(Recorded data)
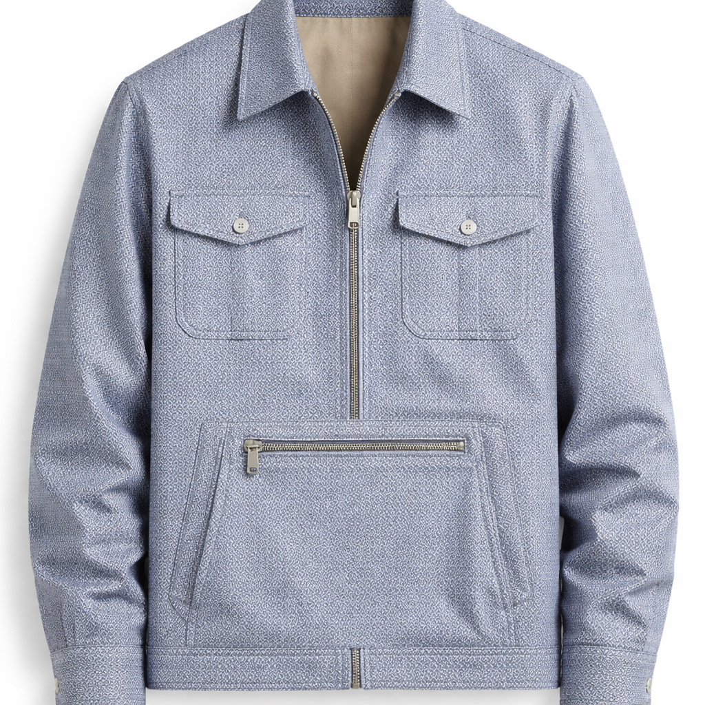 Ready To Wear fashion design: Structured cotton jacket, classic fit, long sleeves. Features a subtle, geometric pattern in blue and white. A practical front zip pocket is centered on the stomach.
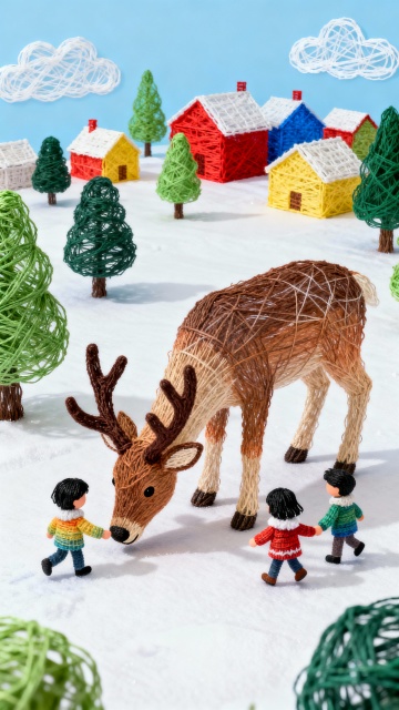 毛发生长风与软3D结合,萌趣鹿形玩偶穿梭雪境,手持晶石,绿围巾飘逸,梦幻温馨的圣诞氛围。
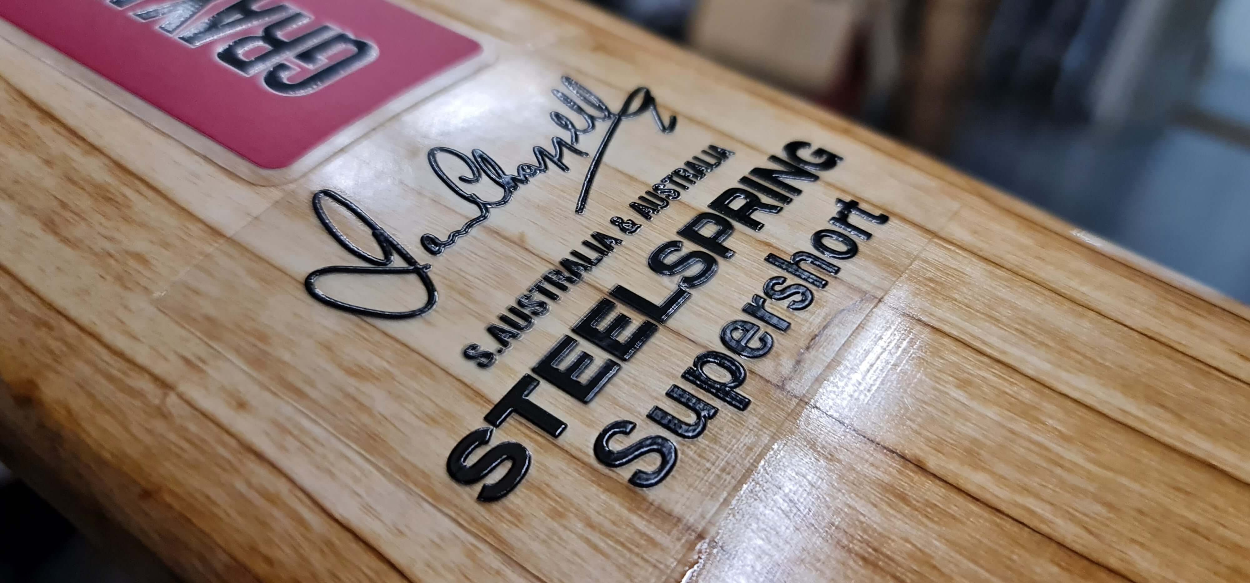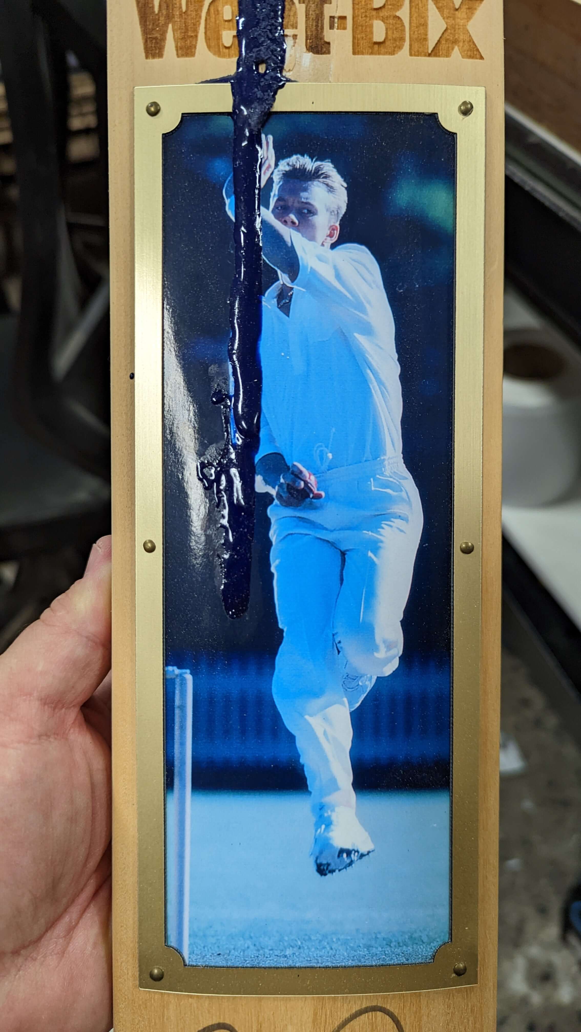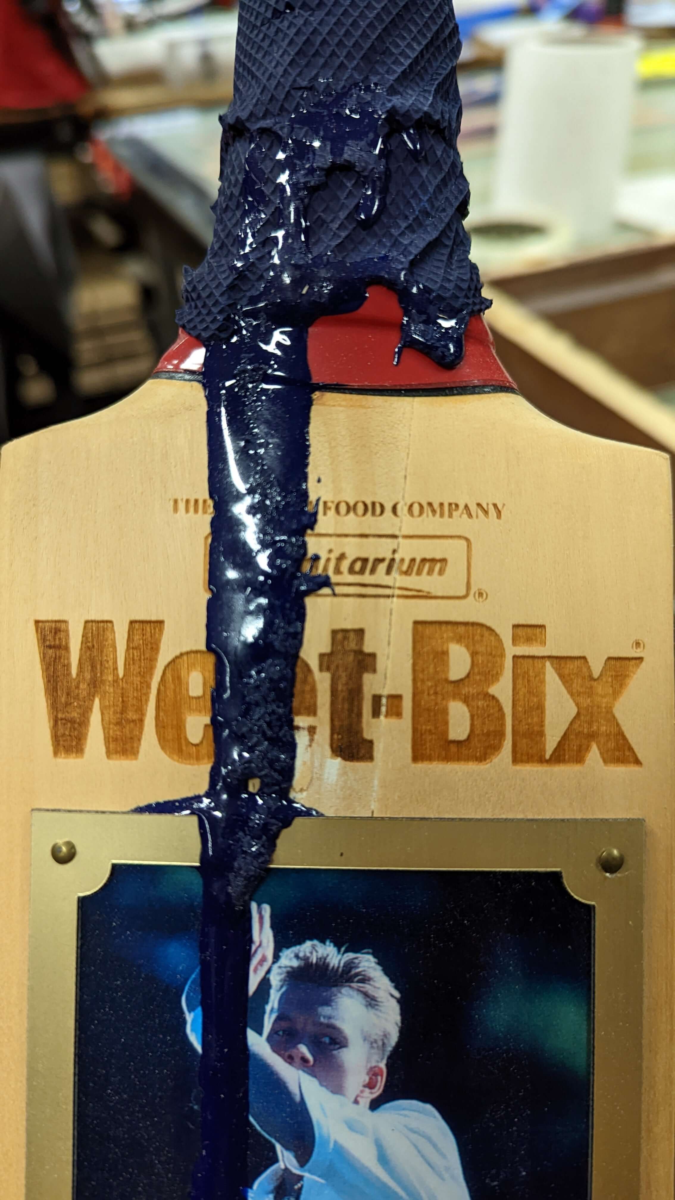 This Brett Lee Weet-Bix commemorative bat suffered severe grip melt damage, which extended through the laser engraving and onto the printed image. The restoration involved scanning and digitally modifying the original image, sanding away the damaged engraving, reprinting a new Brett Lee image, and re-laser engraving the Sanitarium and Weet-Bix branding. The bat has been fully restored for display.
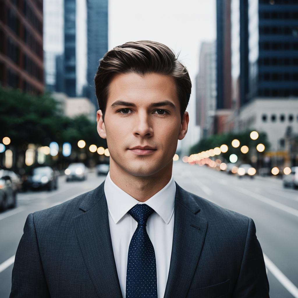 Outfit party night man, photorealistic, male model, standing in urban street at night, blurred city lights in background, wearing light gray suit, white dress shirt, blue patterned tie, navy pocket square, short brown hair, clean shaven, serious expression, hands in pockets, medium build, stylish, handsome, evening light, cityscape, fashion photography, high quality
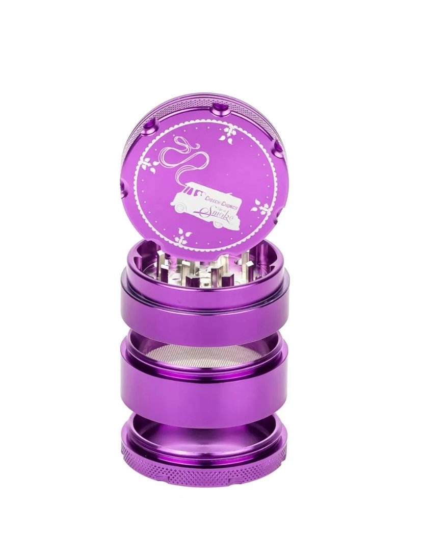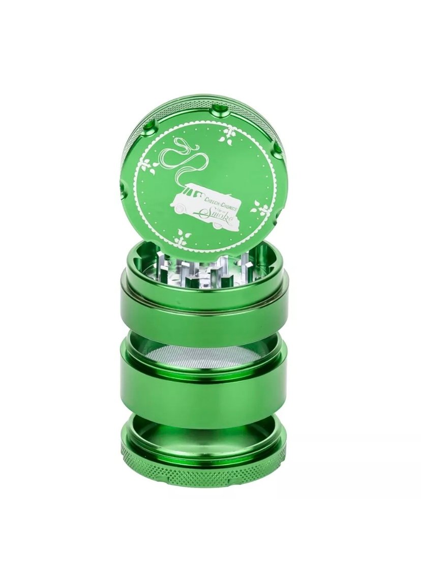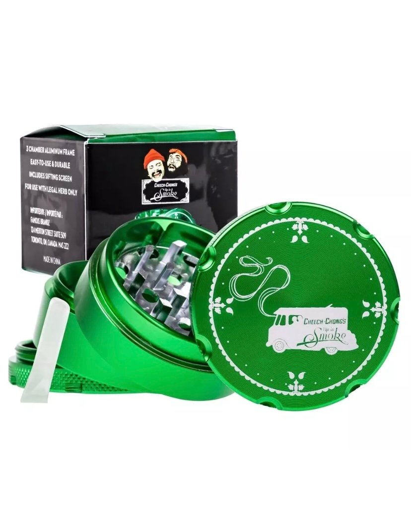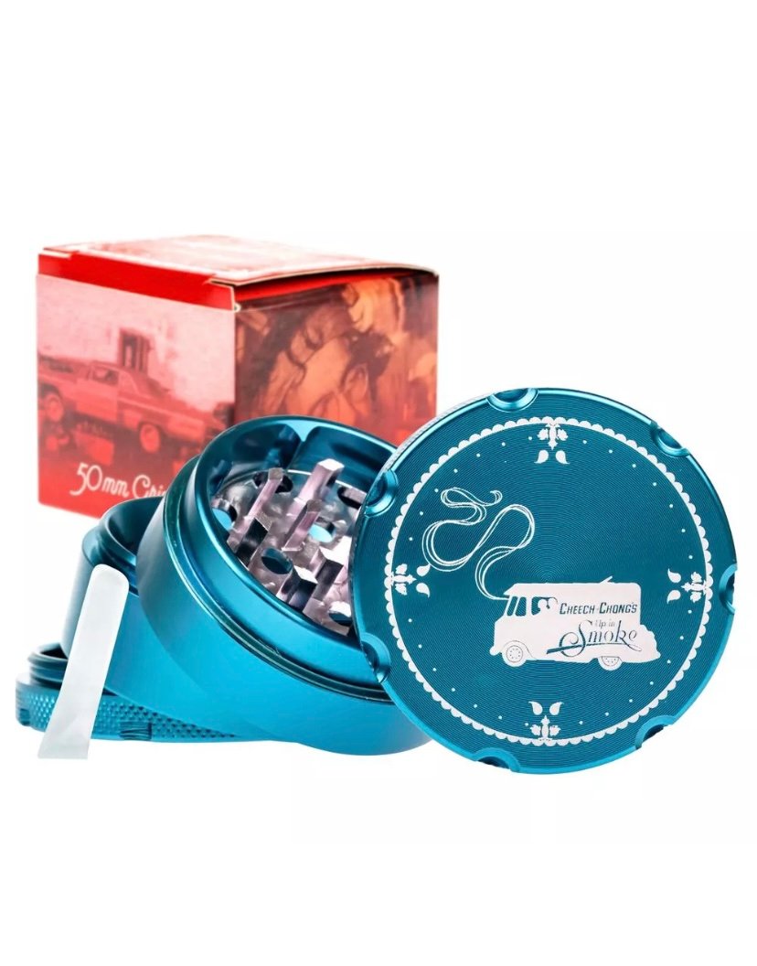 This solid Cheech & Chong 4-part grinder is made entirely out of CNC (computer numeric controlled) aluminum and measures 5 cm / 2 inches across. The pocket size grinder is equipped with sharp, diamond-shaped teeth that effortlessly shred your favorite dry herbs into a fluffy, more manageable consistency.
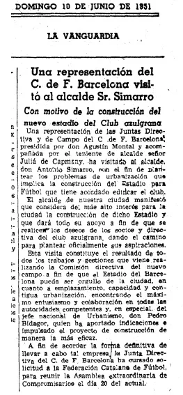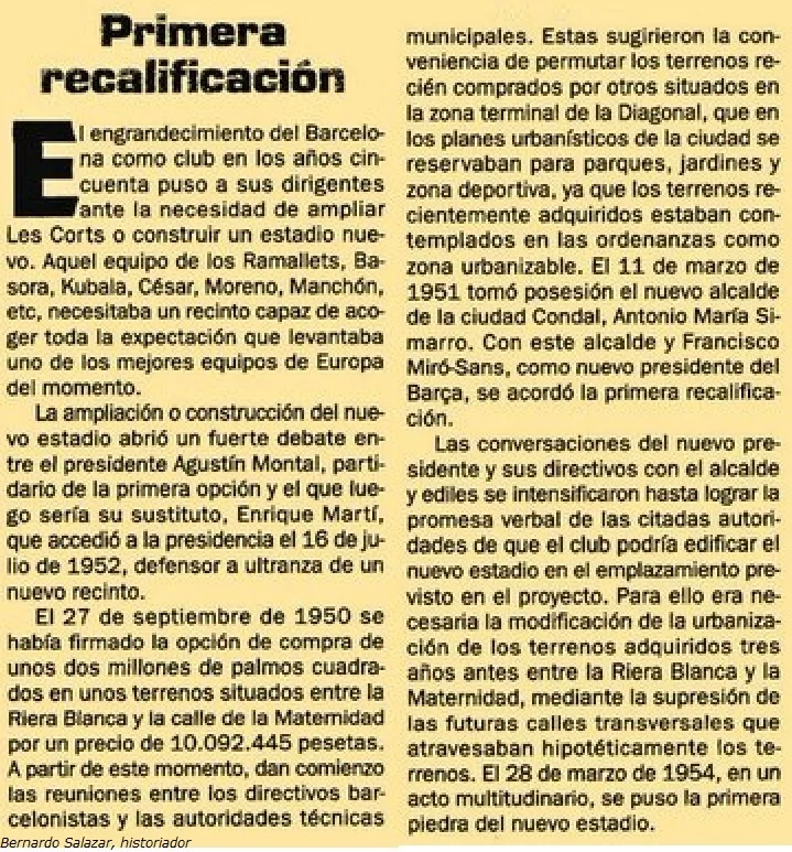1951 - El efecto Kubala, hizo necesario construir un nuevo estadio. Es la primera recalificación otorgada al Barça. Acordaron cambiar unos terrenos entre la Riera Blanca y la calle de la Maternidad por otros situados en la zona terminal de la Diagonal.
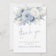 Merci moderne de fleurs bleues poussiéreuses. Des fleurs élégantes en bleu clair et blanc coulent du haut. Le Merci est dans un script de style manuscrit en écriture bleue. Personnalisez facilement le reste du texte à vos propres détails.

> _What is being asked_
Transcribe every entry word for word, but omit the pictures.

> _Answer_
 Ready To Wear fashion design: Structured cotton jacket, classic fit, long sleeves. Features a subtle, geometric pattern in blue and white. A practical front zip pocket is centered on the stomach.
 毛发生长风与软3D结合,萌趣鹿形玩偶穿梭雪境,手持晶石,绿围巾飘逸,梦幻温馨的圣诞氛围。
 This Brett Lee Weet-Bix commemorative bat suffered severe grip melt damage, which extended through the laser engraving and onto the printed image. The restoration involved scanning and digitally modifying the original image, sanding away the damaged engraving, reprinting a new Brett Lee image, and re-laser engraving the Sanitarium and Weet-Bix branding. The bat has been fully restored for display.
 Outfit party night man, photorealistic, male model, standing in urban street at night, blurred city lights in background, wearing light gray suit, white dress shirt, blue patterned tie, navy pocket square, short brown hair, clean shaven, serious expression, hands in pockets, medium build, stylish, handsome, evening light, cityscape, fashion photography, high quality
 This solid Cheech & Chong 4-part grinder is made entirely out of CNC (computer numeric controlled) aluminum and measures 5 cm / 2 inches across. The pocket size grinder is equipped with sharp, diamond-shaped teeth that effortlessly shred your favorite dry herbs into a fluffy, more manageable consistency.
1951 - El efecto Kubala, hizo necesario construir un nuevo estadio. Es la primera recalificación otorgada al Barça. Acordaron cambiar unos terrenos entre la Riera Blanca y la calle de la Maternidad por otros situados en la zona terminal de la Diagonal.
 Merci moderne de fleurs bleues poussiéreuses. Des fleurs élégantes en bleu clair et blanc coulent du haut. Le Merci est dans un script de style manuscrit en écriture bleue. Personnalisez facilement le reste du texte à vos propres détails.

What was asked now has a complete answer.